When the load :math:`q_s` changes between calls but the grid, elastic
thickness, and boundary conditions remain fixed, the coefficient matrix does
not change.  Caching the LU factorisation eliminates the cost of re-factorising
on every call, reducing the per-solve work to a single triangular solve.

In two dimensions the **``"no_check"``** mode reaches **7–12× speedup** over
uncached at grid sizes of 50×50 to 400×400 cells.  The speedup grows with
grid size because the factorisation cost (eliminated by caching) scales as
:math:`O(N^{1.5})` while the cached solve (triangular back-substitution) scales
as :math:`O(N)`.

The **``True``** mode (hash-validated cache reuse) provides a similar trend
but at a lower speedup because it computes and compares a matrix hash on every
call.  For large 2-D grids the hash cost is a small fraction of the total, so
``True`` and ``"no_check"`` converge.  For 1-D problems, where solve times are
short, the hash overhead is comparatively larger.

The timings include all overhead from a ``run()`` call: :meth:`bc_check`,
coordinate setup, warning checks, and the :meth:`_solve_fd` cache-bypass logic.
This is more representative of real coupling-loop performance than timing
:meth:`fd_solve` in isolation.

See :doc:`api` for usage details, including the smart invalidation mechanism
that automatically clears the cache when any matrix-determining input (``te``,
``dx``, boundary conditions, etc.) is reassigned.
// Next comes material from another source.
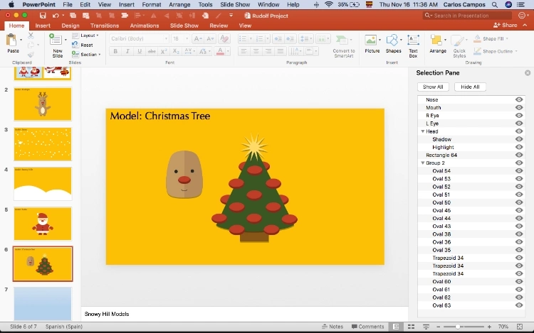 Carlos: Yes. So far, it’s all on PowerPoint. And for the tree, I wanted it to have some cool, fun decorations to avoid it from looking too traditional.
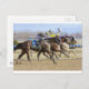 Winter racing at historic Aqueduct Racetrack, home of the prestigious Wood Memorial stakes. A thrilling photo finish of three thoroughbreds heads apart at the wire. The white roan racehorse on the rail, Small Bear got up the win.

Cost of changing :math:`T_e`
-----------------------------

.. figure:: _static/bench_te_sweep.png
   :width: 100%
   :alt: Per-solve cost: load-only vs Te change

   **Per-solve cost when only the load changes (load-only, ``"no_check"``
   mode) versus when the scalar elastic thickness :math:`T_e` changes on
   every call (Te change, any cache mode).**

Reassigning :math:`T_e` triggers smart cache invalidation: the coefficient
matrix is cleared and the LU factorisation is discarded.  The next
:meth:`~gflex.F1D.run` call rebuilds the matrix from scratch and re-factorises.
All three cache modes (``False``, ``True``, ``"no_check"``) pay essentially the
same cost when :math:`T_e` changes, because the rebuild dominates the per-call
budget.

At 200×200 cells the load-only cost is roughly **53 ms** per solve while a
:math:`T_e` change costs roughly **590 ms** per solve — about an **11× penalty**.
At 400×400 cells the load-only cost is roughly **400 ms** per solve while a
:math:`T_e` change costs roughly **5.3 s** — about a **13× penalty**.
The gap widens with grid size because factorisation scales as :math:`O(N^{1.5})`
and the incremental triangular solve scales as :math:`O(N)`.

The practical implication: in a coupling loop where :math:`T_e` is fixed and
only :math:`q_s` varies (e.g., a transient ice-sheet or sediment-loading model),
``cache_factorization = "no_check"`` or ``True`` provides substantial speedup.
In a parameter-sweep or inversion where :math:`T_e` changes on every iteration,
all modes are equivalent and the rebuild cost is unavoidable.